Here I train-test splitted the data.

In [67]:
X_train = []
X_test = []
y_train = []
y_test = []
for i in X:
    X_tr, X_te, y_tr, y_te = train_test_split(X_state, y_state, test_size = 0.2, random_state = 45)
    X_train.append(X_tr)
    X_test.append(X_te)
    y_train.append(y_tr)
    y_test.append(y_te)

Here I do all the pipelines of scaling, training the data and finally make a grid search for the best params.

In [71]:


search_space = [
  {'regressor': [LinearRegression()]},
  {'regressor': [Lasso()], 'regressor__alpha': [0.1, 1, 10, 20, 30]},
  {'regressor': [Ridge()], 'regressor__alpha': [0.1, 1, 10, 20, 30]}
]
pipeline = Pipeline([('scale', StandardScaler()), ('regressor', LinearRegression())])

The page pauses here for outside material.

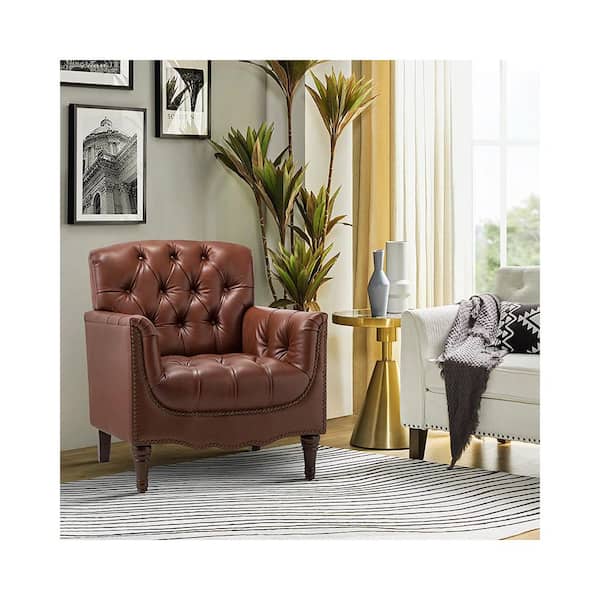 Elijah 32 in. Traditional Brown Button-Tufted Genuine Leather Arm Chair with Solid Wood Legs

gs = GridSearchCV(estimator= pipeline, param_grid=search_space)

for i in range(len(X_train)):
  gs.fit(X_train[i], y_train[i])
  best_model = gs.best_estimator_
  print("{}Best model:".format(i), best_model.named_steps['regressor'])
  print("{}Best score:".format(i), gs.best_score_)


ls = Lasso(alpha=40)

for i in range(len(X_train)):
  ls.fit(X_train[i], y_train[i])
  print(i, ls.score(X_test[i], y_test[i]))



0Best model: Ridge(alpha=1)
0Best score: 0.47549893309589597
1Best model: Ridge(alpha=1)
1Best score: 0.47549893309589597
2Best model: Ridge(alpha=1)
2Best score: 0.47549893309589597
0 0.278676994191268
1 0.278676994191268
2 0.278676994191268


## Conclusions

I was thinking on combining the predictions each dataframe can make by doing, but by looking at the performance of each models I came to the conclussion that this data cannot be used for the purposes of predicting a mexican salary.